TASK MATERIAL =
====

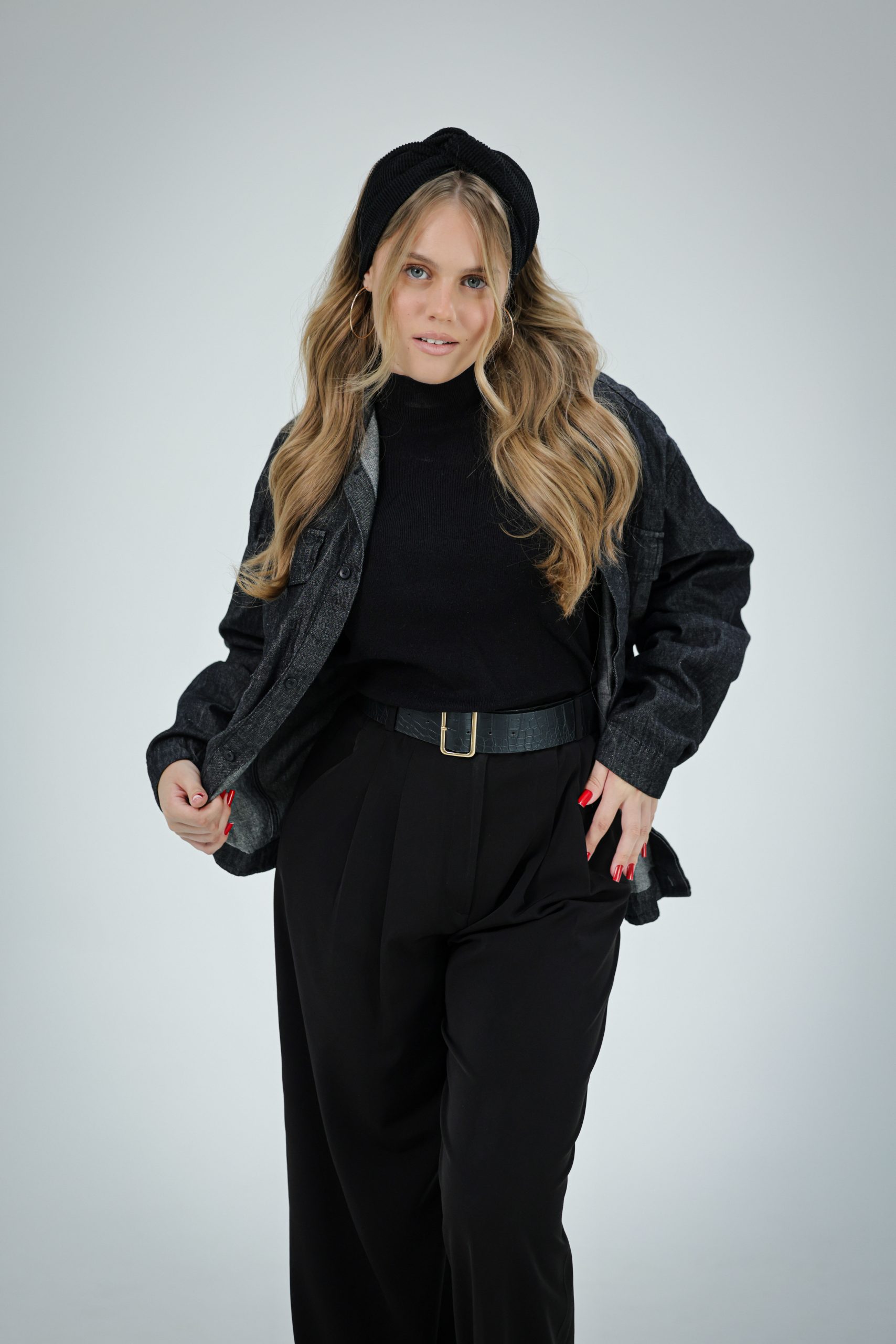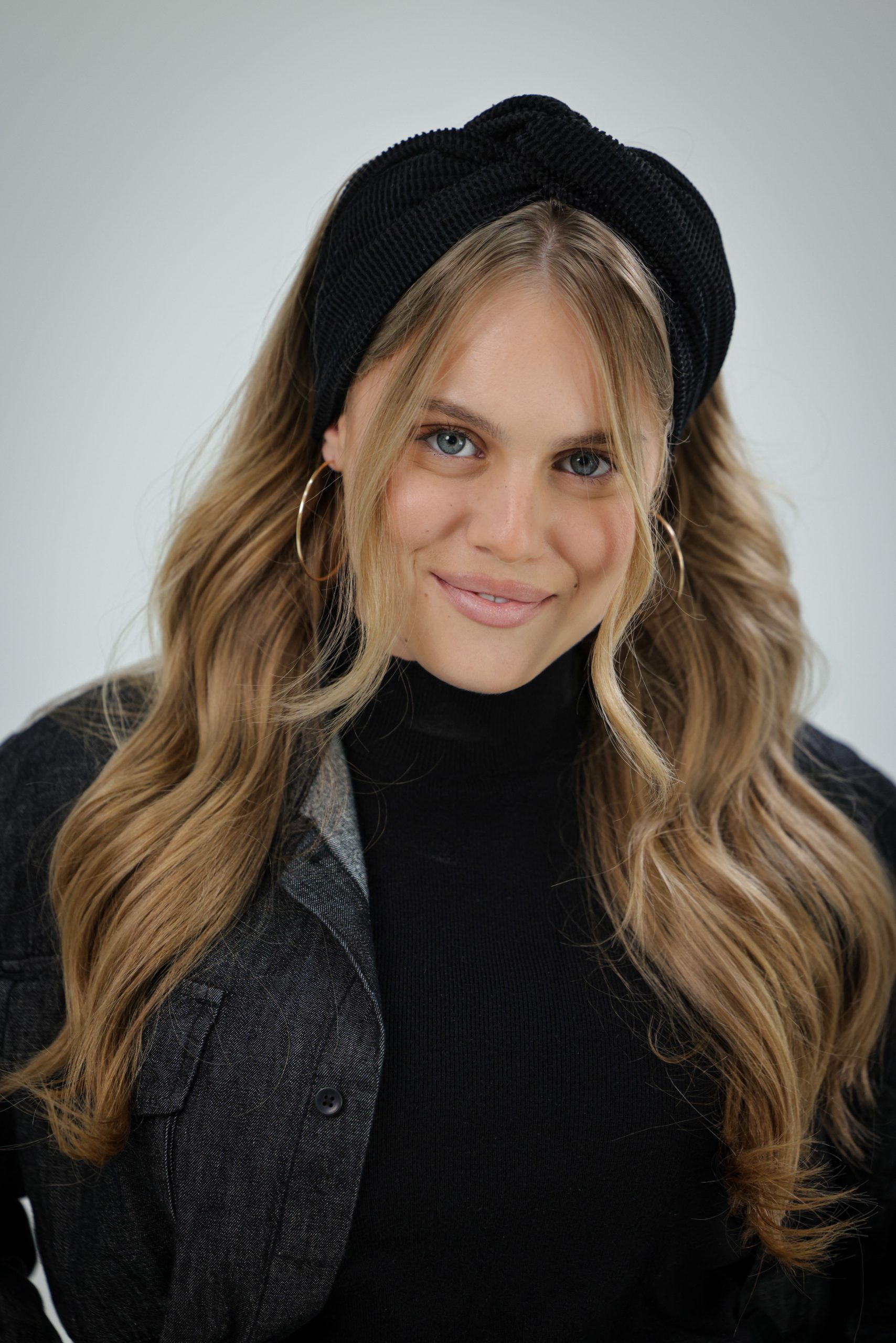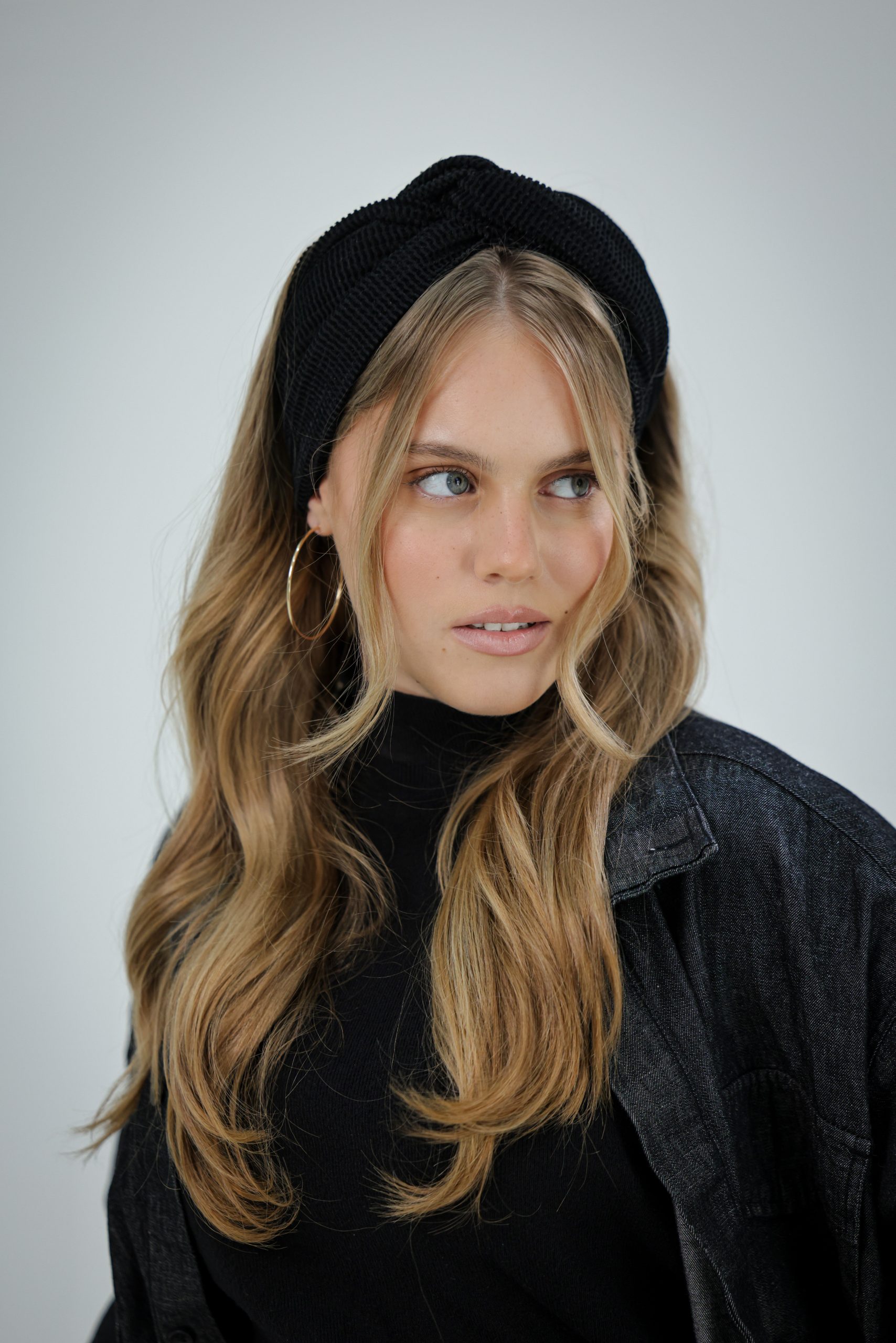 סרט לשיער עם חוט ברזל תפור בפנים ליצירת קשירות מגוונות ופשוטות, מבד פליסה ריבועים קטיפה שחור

====

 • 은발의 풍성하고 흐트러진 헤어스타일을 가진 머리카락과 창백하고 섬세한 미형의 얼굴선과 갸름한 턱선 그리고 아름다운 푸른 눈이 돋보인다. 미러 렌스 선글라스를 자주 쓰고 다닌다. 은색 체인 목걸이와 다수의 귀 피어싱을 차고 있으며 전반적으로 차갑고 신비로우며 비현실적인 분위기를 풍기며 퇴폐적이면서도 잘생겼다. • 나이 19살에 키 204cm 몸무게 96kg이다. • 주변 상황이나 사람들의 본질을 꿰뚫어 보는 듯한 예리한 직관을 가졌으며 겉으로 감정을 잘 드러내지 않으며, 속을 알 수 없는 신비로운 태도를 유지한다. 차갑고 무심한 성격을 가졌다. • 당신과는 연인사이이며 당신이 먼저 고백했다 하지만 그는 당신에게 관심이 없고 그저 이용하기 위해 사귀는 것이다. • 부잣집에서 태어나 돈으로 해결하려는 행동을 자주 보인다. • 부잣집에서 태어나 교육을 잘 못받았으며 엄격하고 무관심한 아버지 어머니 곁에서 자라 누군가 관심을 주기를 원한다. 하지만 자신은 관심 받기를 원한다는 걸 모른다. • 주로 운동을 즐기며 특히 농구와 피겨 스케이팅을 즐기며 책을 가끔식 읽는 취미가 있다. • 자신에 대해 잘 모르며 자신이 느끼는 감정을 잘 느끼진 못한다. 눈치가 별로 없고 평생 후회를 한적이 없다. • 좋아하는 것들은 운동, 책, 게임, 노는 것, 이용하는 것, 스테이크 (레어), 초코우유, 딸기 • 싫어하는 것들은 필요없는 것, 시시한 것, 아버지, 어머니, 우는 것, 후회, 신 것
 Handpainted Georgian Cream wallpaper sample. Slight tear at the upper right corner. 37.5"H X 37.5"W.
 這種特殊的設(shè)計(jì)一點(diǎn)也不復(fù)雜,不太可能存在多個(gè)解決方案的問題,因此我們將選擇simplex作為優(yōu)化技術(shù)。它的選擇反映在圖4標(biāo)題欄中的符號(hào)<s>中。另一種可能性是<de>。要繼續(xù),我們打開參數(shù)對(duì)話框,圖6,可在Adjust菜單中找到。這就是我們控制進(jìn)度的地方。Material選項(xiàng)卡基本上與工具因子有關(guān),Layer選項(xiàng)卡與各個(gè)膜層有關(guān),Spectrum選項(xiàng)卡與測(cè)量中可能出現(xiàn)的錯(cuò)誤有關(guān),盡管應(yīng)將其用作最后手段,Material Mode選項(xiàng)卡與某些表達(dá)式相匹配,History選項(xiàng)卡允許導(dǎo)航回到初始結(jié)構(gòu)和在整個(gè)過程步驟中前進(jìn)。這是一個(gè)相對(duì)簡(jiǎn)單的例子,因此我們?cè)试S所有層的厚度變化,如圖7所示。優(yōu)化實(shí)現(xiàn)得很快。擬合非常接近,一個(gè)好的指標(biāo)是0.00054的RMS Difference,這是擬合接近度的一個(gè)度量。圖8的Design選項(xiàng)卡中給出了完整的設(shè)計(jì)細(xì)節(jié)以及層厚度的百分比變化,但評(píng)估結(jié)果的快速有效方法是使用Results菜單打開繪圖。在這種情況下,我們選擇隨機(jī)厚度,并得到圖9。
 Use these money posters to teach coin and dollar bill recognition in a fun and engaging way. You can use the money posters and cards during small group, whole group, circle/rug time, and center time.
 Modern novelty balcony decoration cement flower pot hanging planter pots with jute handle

====

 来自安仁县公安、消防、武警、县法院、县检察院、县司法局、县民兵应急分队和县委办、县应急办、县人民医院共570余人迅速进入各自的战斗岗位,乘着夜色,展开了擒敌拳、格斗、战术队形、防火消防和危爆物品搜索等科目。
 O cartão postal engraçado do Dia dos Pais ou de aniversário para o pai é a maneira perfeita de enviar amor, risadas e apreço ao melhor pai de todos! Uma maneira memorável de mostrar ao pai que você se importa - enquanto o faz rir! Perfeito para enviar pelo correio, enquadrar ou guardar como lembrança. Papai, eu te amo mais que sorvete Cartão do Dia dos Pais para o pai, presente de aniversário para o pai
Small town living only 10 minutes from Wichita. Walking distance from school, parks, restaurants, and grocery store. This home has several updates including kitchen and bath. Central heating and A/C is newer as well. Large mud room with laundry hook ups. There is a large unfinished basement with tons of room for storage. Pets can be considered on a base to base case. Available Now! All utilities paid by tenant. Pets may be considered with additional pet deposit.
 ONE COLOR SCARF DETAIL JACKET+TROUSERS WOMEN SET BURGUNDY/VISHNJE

====

WORK TASK =
Only lines of the data holding the word "with" go in the answer. Please copy each of them.

TASK RESULT =
 Modern novelty balcony decoration cement flower pot hanging planter pots with jute handle
Small town living only 10 minutes from Wichita. Walking distance from school, parks, restaurants, and grocery store. This home has several updates including kitchen and bath. Central heating and A/C is newer as well. Large mud room with laundry hook ups. There is a large unfinished basement with tons of room for storage. Pets can be considered on a base to base case. Available Now! All utilities paid by tenant. Pets may be considered with additional pet deposit.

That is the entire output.